When you want to check a value against a list of stored values, there are several ways to do it.
One way, which is not very performant, is to loop through a slice of values:
needle := "three"
haystack := []string{ "one", "two", "three" }
found := false
for _, v := range haystack {
if needle == v {
found = true
break
}
}
While that may sometimes present itself as the most obvious option, it comes with a time complexity of O(n)
, meaning it scales linearly with the number of values in haystack
. With a slice of ten million values, the worst-case scenario means looping through all of those values before you realize that the needle
you're looking for isn't there.
A more performant way of handling this is to use a map
to achieve O(1)
lookups. By storing your values as keys in a map
, you can simply use Golang's built-in indexing to see if the needle
exists among the keys in the map
. The values, therefore, don't matter - we just need to know if the key exists.

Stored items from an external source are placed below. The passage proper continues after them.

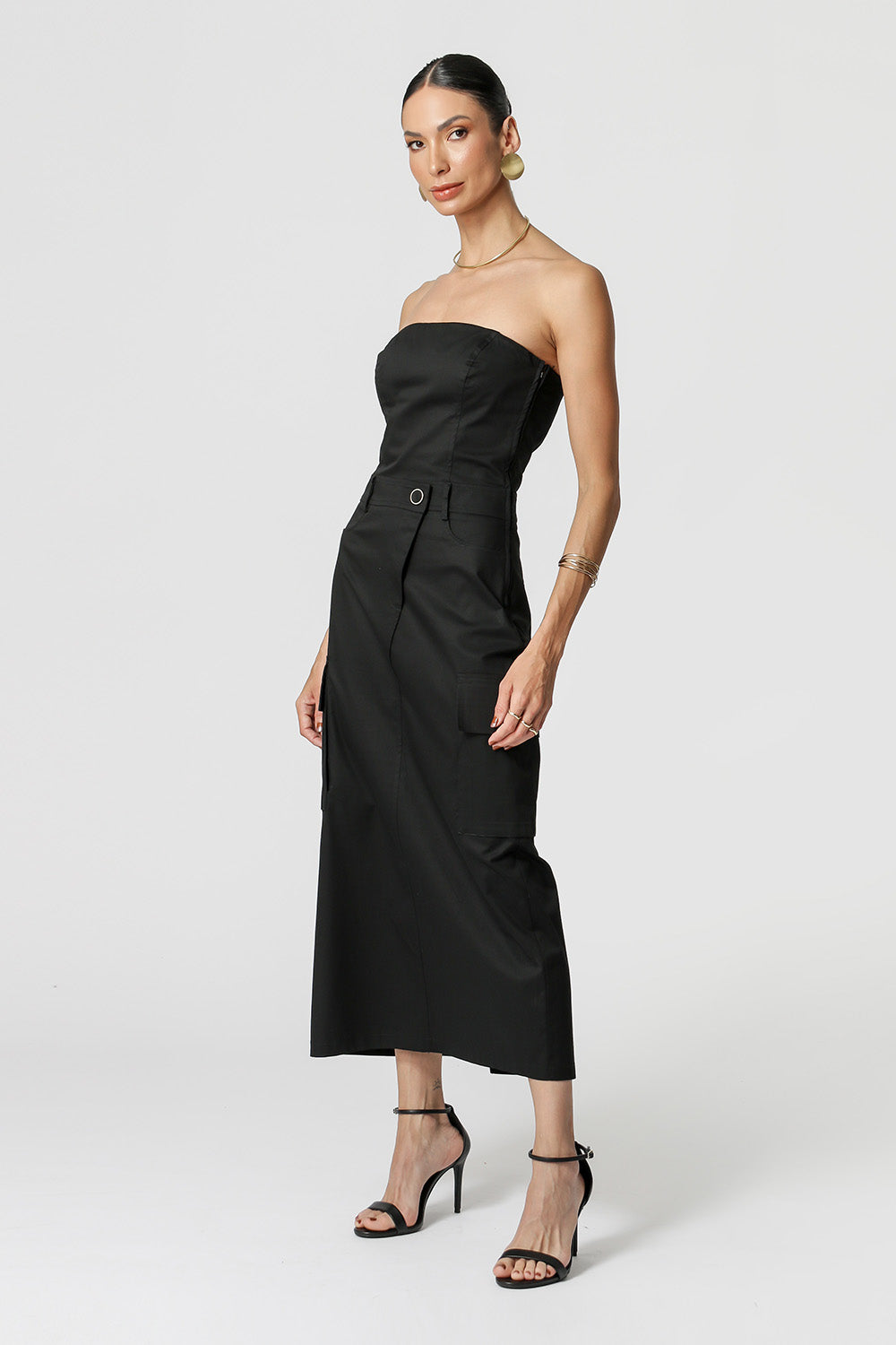 Vestido médio sem alças com detalhe de bolsos nas laterais e zíper de nylon. Uma peça confeccionada em tecido Memory. Um modelo moderno e perfeito para mood casual.
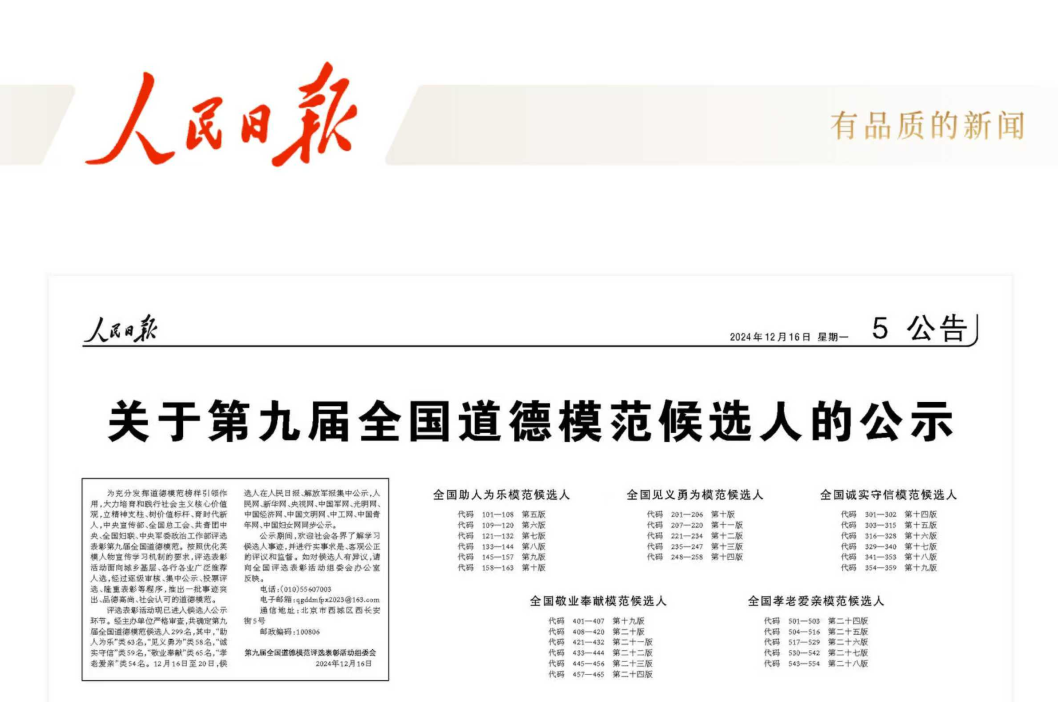 12月16日,《人民日报》刊发《关于第九届全国道德模范候选人的公示》,共确定第九届全国道德模范候选人299名,其中,“助人为乐”类63名,“见义勇为”类58名,“诚实守信”类59名,“敬业奉献”类65名,“孝老爱亲”类54名。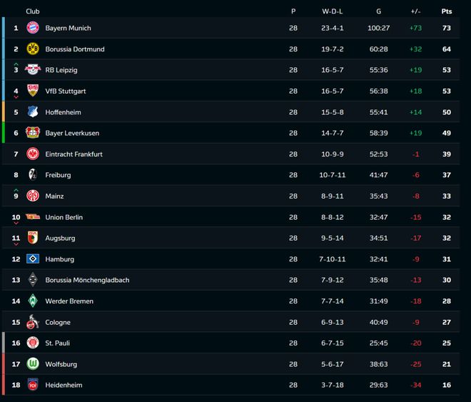 北京时间4月6日凌晨,德甲第28轮九场比赛全部结束。凭借比朔夫、卡尔补时连进2球,拜仁让二追三击败弗赖堡,同时本赛季联赛进球也达到百球大关;多特蒙德客场2比0笑傲与斯图加特的强强对话,与拜仁的分差依然维持在9分,而输球的斯图加特则是被本轮2比1击退云达不莱梅的莱比锡反超排名;联赛第五的霍芬海姆主场1比2负于美因茨,身后的勒沃库森趁势以一场6比3狼堡的大胜将分差缩小至1分。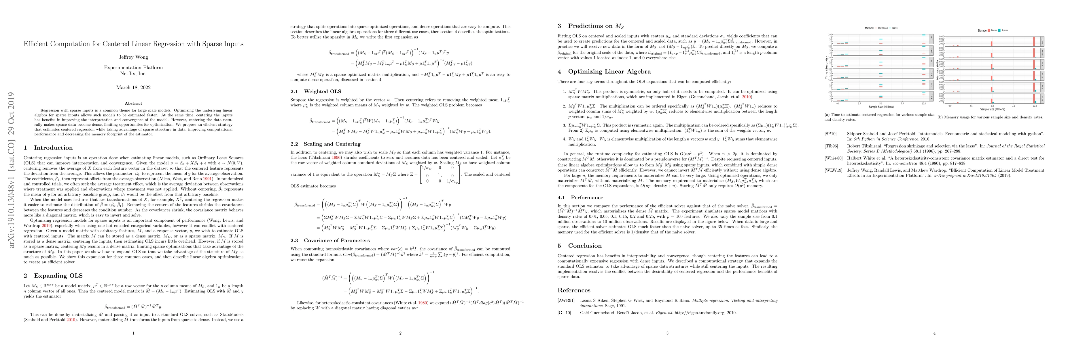 This paper proposes an efficient strategy for centered linear regression with sparse inputs, optimizing linear algebra to improve computational speed and reduce memory usage while maintaining the benefits of centering data. This method leverages the sparse structure to enhance performance without compromising the advantages of centering.

Until recently, this is how I would have done that:
needle := "three"
var haybool = map[string]bool{
"one": false,
"two": false,
"three": false,
}
_, found := haybool[needle]
I used false
because I thought a bool
would be among the most memory-efficient ways to populate a map
.
That changed when I had a reason to dig into the actual memory allocation sizes of Golang data types. On the surface, some data type sizes are obvious, e.g. int32
is 32 bytes. Some others, like a map
, are less obvious.
If we crack open the Golang source code, we can see how primitive, fixed-length data types are allocated memory:
var basicSizes = [...]byte{
Bool: 1, // a bool is one byte
Int8: 1,
Int16: 2,
Int32: 4,
Int64: 8,
Uint8: 1,
Uint16: 2,
Uint32: 4,
Uint64: 8,
Float32: 4,
Float64: 8,
Complex64: 8,
Complex128: 16,
}
Just below that, we can see that an empty Array
and an empty Struct
each get zero-byte allocations:
func (s *StdSizes) Sizeof(T Type) int64 {
switch t := under(T).(type) {
// ...
case *Array:
n := t.len
if n <= 0 {
return 0 // an empty Array gets zero bytes
}
// ...
case *Struct:
n := t.NumFields()
if n == 0 {
return 0 // an empty Struct gets zero bytes
}
// ...
}
}
That's interesting.
In theory, if I change the values type to a bool
, I should be able to save some memory, especially as this map
gets bigger:
needle := "three"
var haystruct = map[string]struct{}{
"one": {},
"two": {},
"three": {},
}
_, found := haystruct[needle]
I had to do some digging to see how the underlying complexity of a map
impacts memory, given that it's dynamically allocated. I ended up going with the approach listed in this SO answer, which I'll admit is disputed. Still, it made sense from a logical perspective.
The results were as expected - the empty struct ended up saving some memory, albeit not much:
Size of haybool 2000
Size of haystruct 1920
You can see the code in The Go Playground.
High five to Ashutosh Narkar for commenting on my PR, which prompted me to dive down this rabbit hole.